Les investissements publics dans les hydrocarbures n’ont fait que s’intensifier ces dernières années. En 2015, les autorités avaient pour objectif de porter la production quotidienne à 500 000 barils de pétrole par jour d’ici trois ans. La production et l’exportation de gaz naturel liquéfié (GNL) ont également débuté en 2024.
Malgré cela, environ la moitié de la population vit en dessous du seuil de pauvreté. La plupart vivent dans les principales villes de Brazzaville et de Pointe-Noire, où l’accès à l’électricité et aux routes est disponible mais lamentable. La situation est encore pire dans les zones rurales, estiment les analystes.
Même si la population est jeune, avec près de la moitié de moins de 18 ans, la création d’emplois est faible. De nombreux jeunes diplômés doivent se tourner vers des emplois subalternes pour survivre.
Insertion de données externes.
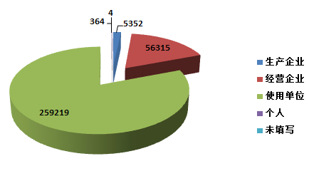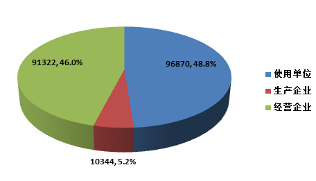 截止2015年12月31日,在全國醫(yī)療器械不良事件監(jiān)測系統(tǒng)中,注冊基層用戶(包括醫(yī)療器械生產(chǎn)企業(yè)、經(jīng)營企業(yè)和使用單位)共198, 536家。其中,醫(yī)療器械生產(chǎn)企業(yè)10,344家,占注冊基層用戶總數(shù)的5.2%;經(jīng)營企業(yè)91,322家,占注冊基層用戶的46.0%;使用單位96,870家,占注冊基層用戶的48.8%(圖1-4)。

Le taux de chômage oscille autour de 40 pour cent, le manque d’électricité étant l’un des principaux obstacles aux entreprises, selon la Banque mondiale.
Forêts et agriculture
Avant que le Congo ne commence à extraire du pétrole dans les années 1970, les produits agricoles et le bois constituaient les principales sources de revenus du Congo.
Cependant, le Congo est devenu dépendant des importations alimentaires en raison de sa transition vers le pétrole.
Bien que le pays compte jusqu’à 10 millions d’hectares (24 millions d’acres) de terres arables, seul un faible pourcentage est cultivé, et il s’agit principalement d’une agriculture de subsistance à faible rendement.
Le gouvernement a vanté ses projets visant à stimuler la culture du manioc, du maïs, du sorgho et du soja, ainsi qu’à développer la pêche et l’aviculture.
Pendant ce temps, la déforestation dans le bassin du Congo, qui englobe certaines parties du Congo et cinq pays voisins, a presque doublé entre 2010 et 2020 par rapport à la décennie précédente.
Liberté politique et course post-Nguesso
Les manifestations sont rares dans le pays car les autorités ne délivrent pas de permis et réagissent par la violence lorsque les manifestants se rassemblent, selon le Centre africain d’études stratégiques.
Les membres de l’opposition sont régulièrement emprisonnés. Nguesso nomme lui-même les juges nationaux, ce qui signifie que le pouvoir judiciaire n’est pas indépendant.
De nombreux Congolais s’attendent à ce que Nguesso remporte les élections de dimanche, tant l’attention se porte désormais sur celui qui prendra probablement la direction du pays dans les années à venir.
Les analystes affirment qu’une intense course à la succession se prépare déjà en coulisses.
Denis-Christel Nguesso, fils du président et ministre de la coopération internationale, est clairement le favori, mais il doit faire face aux défis du neveu du président et chef de la sécurité nationale, Jean-Dominique Okemba.
Le cousin des Nguessos, Jean-Jacques Bouya, actuellement ministre du plan et des travaux publics, est également en lice.